Access provided by Autonomous University of Puebla. Download conference paper PDF
Similar content being viewed by others
Keywords
1 Introduction
Clustering is one of the important and primarily used techniques for the automatic knowledge extraction from large amounts of data. Its aim is to identify groups, so-called clusters, of similar objects within a data set. Data clustering is used in many fields, including database marketing, image processing, bioinformatics, text mining, and many others. The quality of the data plays an important role in the clustering process and might affect the clustering results. However, problems during the data collection and data preprocessing are often inevitable and might lead to uncertain, erroneous, or missing values in the data sets. Since the completion or correction of data is often expensive or even impossible, there is a need for clustering methods that can deal with such imperfect data.
In the literature, several approaches for adapting the fuzzy c-means (FCM) algorithm to incomplete data have been proposed [1–3]. Like the basic FCM algorithm, these methods assume that the clusters are equally sized and shaped. Even if using the Euclidean distance function as a similarity criterion, in practice, FCM often reliably identifies differently shaped and sized clusters in complete data sets. Therefore, the FCM algorithm is widely used as a stand-alone clustering method as well as in hybrid hierarchical clustering methods [4]. However, the experiments conducted in [5] showed that FCM adapted to incomplete data produces less accurate clustering results on incomplete data with differently sized and scattered clusters than in the case of clusters with equal sizes and volumes. In [6], we proposed an approach for adapting FCM to incomplete data that takes the cluster scatters into account during the imputation of missing values. Since this method computes the cluster dispersions on the basis of completely available features, it cannot be applied on data sets where missing values occur in all features. Moreover, the experiments showed that this approach produces less accurate cluster prototypes than the basic approach. We assume the reason in the calculation and the use of the cluster dispersions. The cluster dispersions are computed on the basis of completely available features, but they are used for the imputation of missing values in the other features.

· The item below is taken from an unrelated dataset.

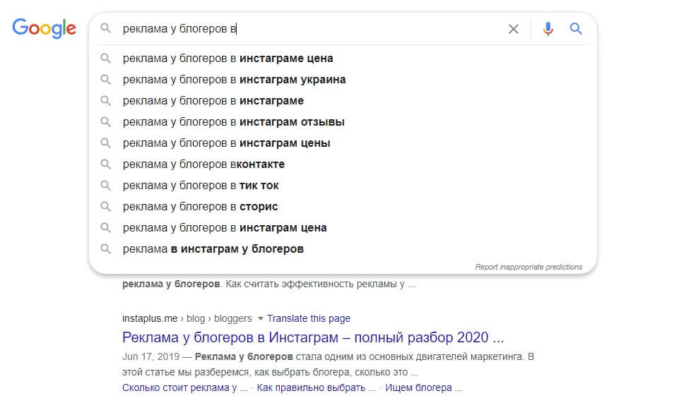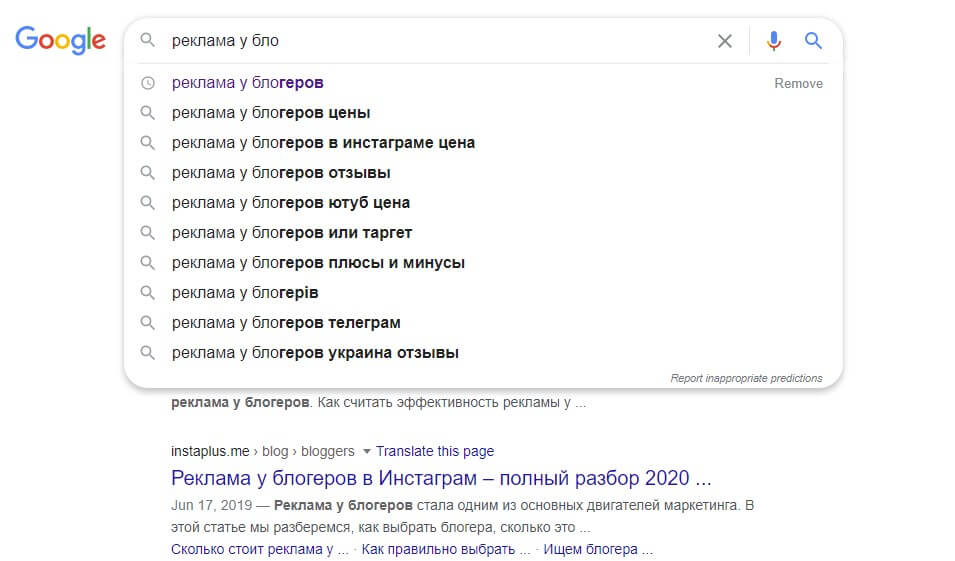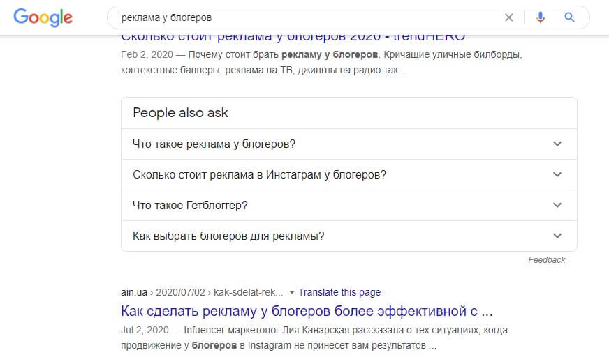 Это важно, потому что веб-сайты, как правило, оптимизируют теги заголовков, поэтому ясно, что сайты-лидеры поисковой системы, уже проанализировали популярные запросы, обнаружив, что запрос «реклама у блогеров» наиболее популярный способ найти нужную информацию.

Therefore, if clusters have different extents in different dimensions, the way of using the cluster dispersions for the imputation of missing values as it is used in our previous approach does more harm than good. In this paper, we present an approach for adapting the fuzzy c-means algorithm to incomplete data that uses the dimension-wise fuzzy variances of clusters for imputation of missing values. Our approach involves the cluster shapes and volumes for missing value imputation in a simple and computationally inexpensive way. In experiments on real and synthetic data sets with differently sized and shaped convex clusters, we demonstrate the capabilities of our new approach and show the benefit over the basic approach in terms of the assignment of data objects to clusters and the cluster prototype computation.

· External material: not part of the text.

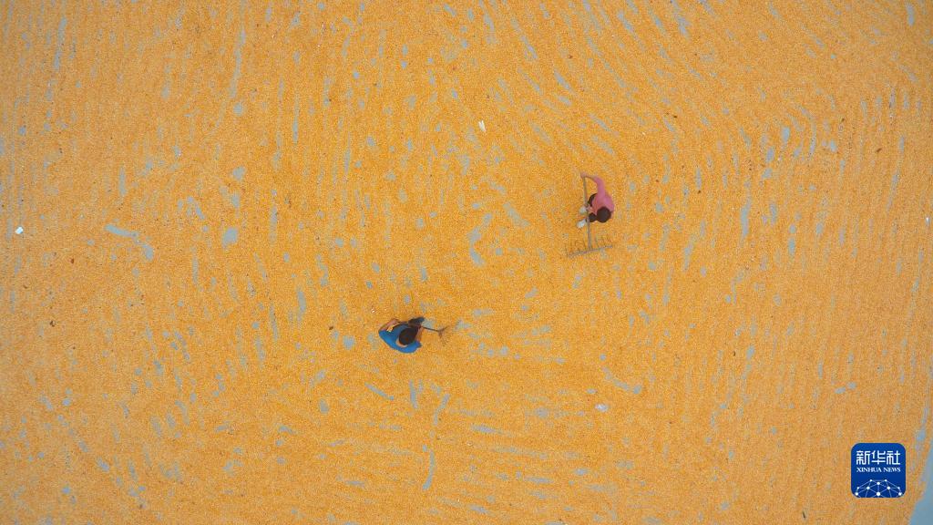 10月6日,在山東省聊城市茌平區賈寨鎮賈寨前村,村民在晾曬玉米粒(無(wú)人機照片)。

The remainder of the paper is organized as follows. In the next section we give a short overview of the basic fuzzy c-means algorithm and the methods for adapting FCM to incomplete data. In Sect. 3 we describe our idea for missing values imputation using the dimension-wise fuzzy variance of clusters and present the modified FCM algorithm. The evaluation results of our method and the comparison with the basic approach are presented in Sect. 4. In Sect. 5 we close the paper with a short summary and the discussion of future research.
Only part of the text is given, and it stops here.